(WORK INSTRUCTION):
Without any pictures, copy the records below once more, exactly as they are.

(EXERCISE INPUT):
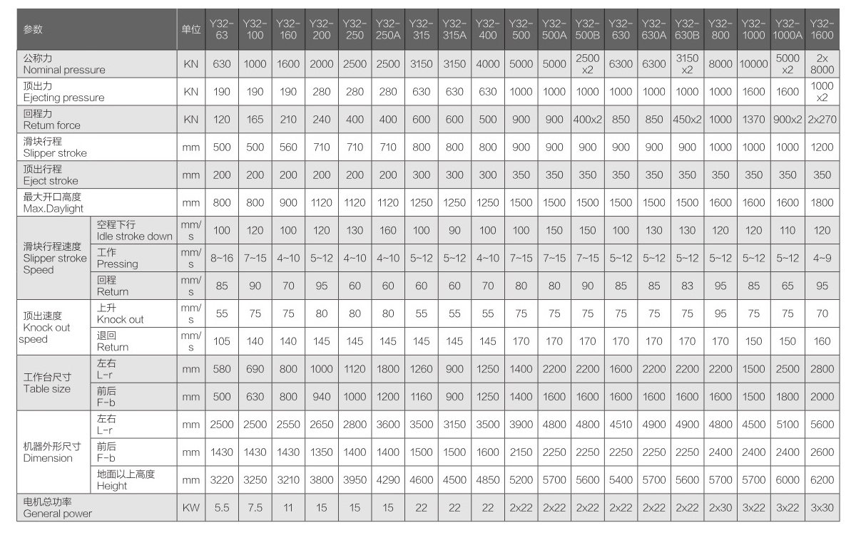 ◆ 本系列液壓機(jī)具有繼電器控制和PLC控制兩種電器控制系統(tǒng),有調(diào)整、手動(dòng)及半自動(dòng)三種操作方式,可實(shí)現(xiàn)定壓和定程兩種工藝方式。定壓成型時(shí),在壓制后有保壓延時(shí)及自動(dòng)回程動(dòng)作。工作臺(tái)中間裝有頂出裝置,除頂出制品外,尚可作為液壓用于反拉伸制件的成型工藝,其工作壓力與行程,可根據(jù)工藝需要,在規(guī)定范圍內(nèi)調(diào)整。
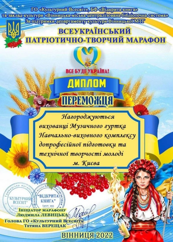 Вітаємо з перемогою вихованців музичного гуртка НВК, які взяли участь у Всеукраїнському патріотично-творчому марафоні ВСЕ_БУДЕ_УКРАЇНА!
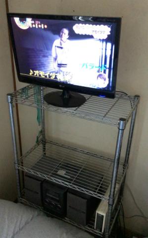 最近、寝ながらTVが見られるように「最上段」に「PCモニター兼TV」を置いた関係で、中段が現在は「空」になっています。
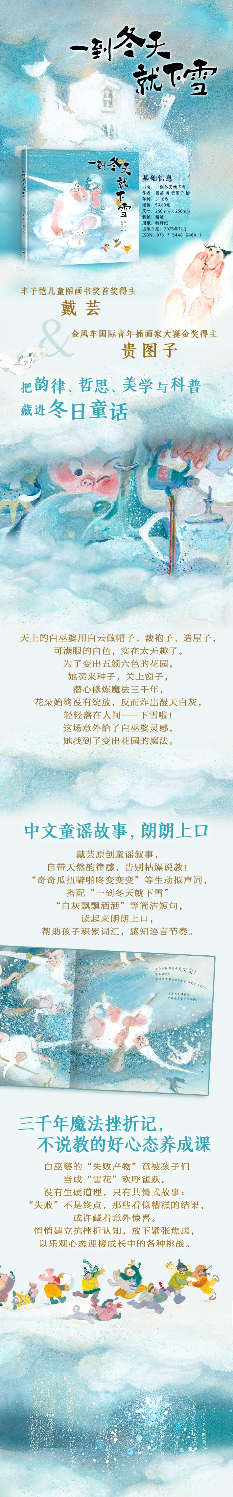 (1)戴芸×贵图子双名家打造,是一本押韵好读的原创童谣故事图画书;(2)水彩丙烯插画兼具童真与东方美学特质,诗意解释“下雪”这一自然现象。(3)书中藏着“接纳不完美、柳暗花明又一村”的温暖与哲思,适合3—6岁亲子共读。
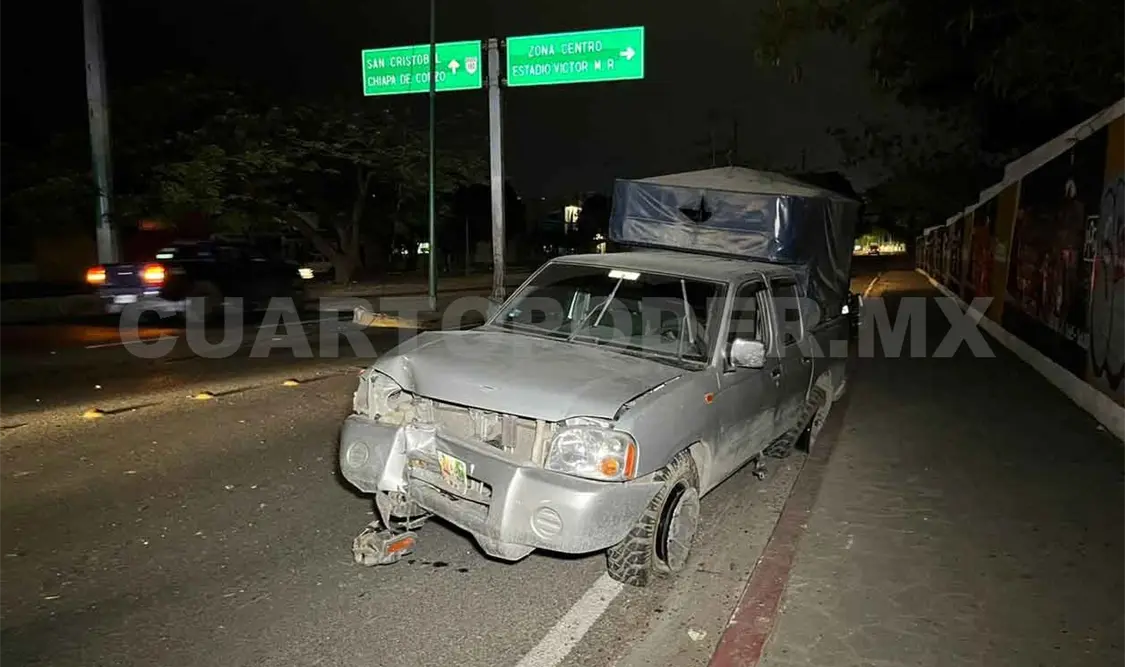 Agentes de Tránsito y Vialidad Municipal informaron que una camioneta de la marca Nissan, doble cabina, con placas de circulación del estado de Chiapas, realizó una mala maniobra y esto provocó que el conductor perdiera el control y se estrellara contra un poste de alumbrado público.
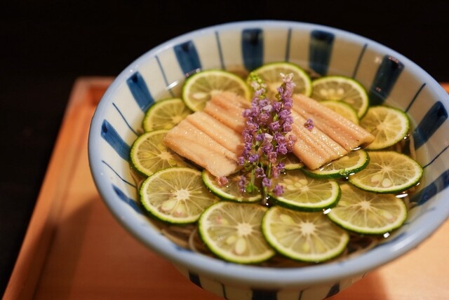 昨年いただいた「穴子の白焼とスダチの淡麗塩そば」に感動し、今年も楽しみにしていた「う月」さんのすだち蕎麦。
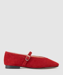 Edward Meller Women’s Flats Flavia Choked Up Ballet With Strap In Cherry Suede | Cherrysue
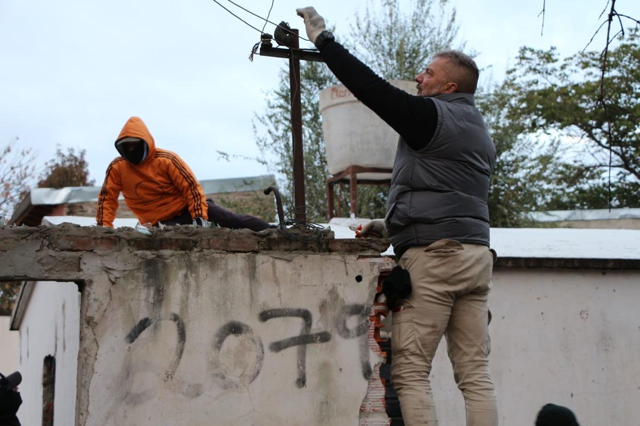 El ministro de Justicia y Seguridad provincial, Pablo Cococcioni, junto al fiscal Matías Merlo, estuvo presente esta mañana en el derribo de tres puestos de venta de estupefacientes en zona noroeste de la ciudad de Rosario, en el marco de la Ley de Microtráfico.
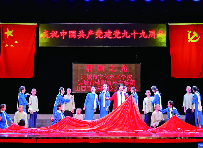 镰锤凯歌奏响,蒲韵声声铿锵。在党的99岁华诞来临之际,6月30日晚,运城市文化艺术学校、市蒲剧青年实验演出团、山西雪变蒲剧艺术研究院,联合推出《蒲剧之光》庆“七一”红色经典专场演出。艺术家们用精彩的表演,带领广大戏迷重温那段峥嵘岁月,深切感受革命先辈的崇高精神,共庆党的生日。

(RESPONSE TO THE TASK):
 ◆ 本系列液壓機(jī)具有繼電器控制和PLC控制兩種電器控制系統(tǒng),有調(diào)整、手動(dòng)及半自動(dòng)三種操作方式,可實(shí)現(xiàn)定壓和定程兩種工藝方式。定壓成型時(shí),在壓制后有保壓延時(shí)及自動(dòng)回程動(dòng)作。工作臺(tái)中間裝有頂出裝置,除頂出制品外,尚可作為液壓用于反拉伸制件的成型工藝,其工作壓力與行程,可根據(jù)工藝需要,在規(guī)定范圍內(nèi)調(diào)整。
 Вітаємо з перемогою вихованців музичного гуртка НВК, які взяли участь у Всеукраїнському патріотично-творчому марафоні ВСЕ_БУДЕ_УКРАЇНА!
 最近、寝ながらTVが見られるように「最上段」に「PCモニター兼TV」を置いた関係で、中段が現在は「空」になっています。
 (1)戴芸×贵图子双名家打造,是一本押韵好读的原创童谣故事图画书;(2)水彩丙烯插画兼具童真与东方美学特质,诗意解释“下雪”这一自然现象。(3)书中藏着“接纳不完美、柳暗花明又一村”的温暖与哲思,适合3—6岁亲子共读。
 Agentes de Tránsito y Vialidad Municipal informaron que una camioneta de la marca Nissan, doble cabina, con placas de circulación del estado de Chiapas, realizó una mala maniobra y esto provocó que el conductor perdiera el control y se estrellara contra un poste de alumbrado público.
 昨年いただいた「穴子の白焼とスダチの淡麗塩そば」に感動し、今年も楽しみにしていた「う月」さんのすだち蕎麦。
 Edward Meller Women’s Flats Flavia Choked Up Ballet With Strap In Cherry Suede | Cherrysue
 El ministro de Justicia y Seguridad provincial, Pablo Cococcioni, junto al fiscal Matías Merlo, estuvo presente esta mañana en el derribo de tres puestos de venta de estupefacientes en zona noroeste de la ciudad de Rosario, en el marco de la Ley de Microtráfico.
 镰锤凯歌奏响,蒲韵声声铿锵。在党的99岁华诞来临之际,6月30日晚,运城市文化艺术学校、市蒲剧青年实验演出团、山西雪变蒲剧艺术研究院,联合推出《蒲剧之光》庆“七一”红色经典专场演出。艺术家们用精彩的表演,带领广大戏迷重温那段峥嵘岁月,深切感受革命先辈的崇高精神,共庆党的生日。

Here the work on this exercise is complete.